Thus began the experiment, to see just what was possible in the world of hard apple cider. I chatted with my brother-in-law, an avid beer maker and as a gift he helped us make our first batch. At first it had such a crazy funk to it, making me think that it was a failure, so we pushed to the side in our warehouse and forgot about it. But I still wanted to give it a shot, so I purchased my own fresh pressed apple cider, 30+ gallons of it and went to work, reading as much as I can get my hands on about the process, scouring YouTube and researching the ancient art of fermenting apples. To my surprise, there wasn't a lot of solid information out there, just jumbled blogs and differing ideas, so I figured I'm kind of on my own with this.

After years of backpacking the Appalachian Trail, Yosemite, Europe and the wild Alaska frontier, I had always traveled with a journal and a small book about how to identify edible plants so that I could TASTE the earth around me. So the one thing that kept ringing true was that the earth provided such an abundance of plentiful herbs and flowers, why not share some of my favorite tastes with others via my hard apple cider and take them on my journey that way.

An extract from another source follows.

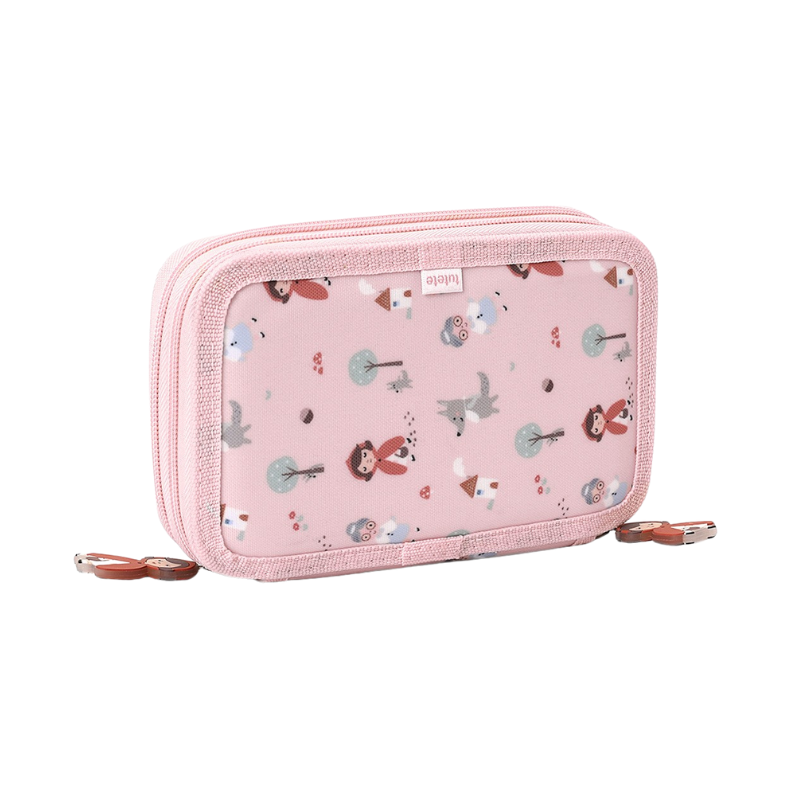 Tutete Estojo Plumier Duplo Floresta Mágica com dois compartimentos, design retro-moderno e exterior impermeável. Ideal para organizar lápis, marcadores e outros materiais escolares. Feito com materiais reciclados e alças em silicone.
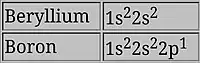 - Moving from the s-block to the p-block: a p-orbital loses an electron more easily. An example is beryllium to boron, with electron configuration 1s2 2s2 2p1. The 2s electrons shield the higher-energy 2p electron from the nucleus, making it slightly easier to remove. This also happens in magnesium to aluminum.[20]

  Resting in the muskeg and low cranberry  patches on the Dixie Pass in Wrangle St. Elias, Alaska 

  Resting in the muskeg and low cranberry  patches on the Dixie Pass in Wrangle St. Elias, Alaska 

So the compass was set that day, pointing north with those thoughts of inspiration and direction on a new trail that lay in front of me, so with a jump in my step and a bit of nervousness in my gut, I took a running leap down that path, but it was just the begining...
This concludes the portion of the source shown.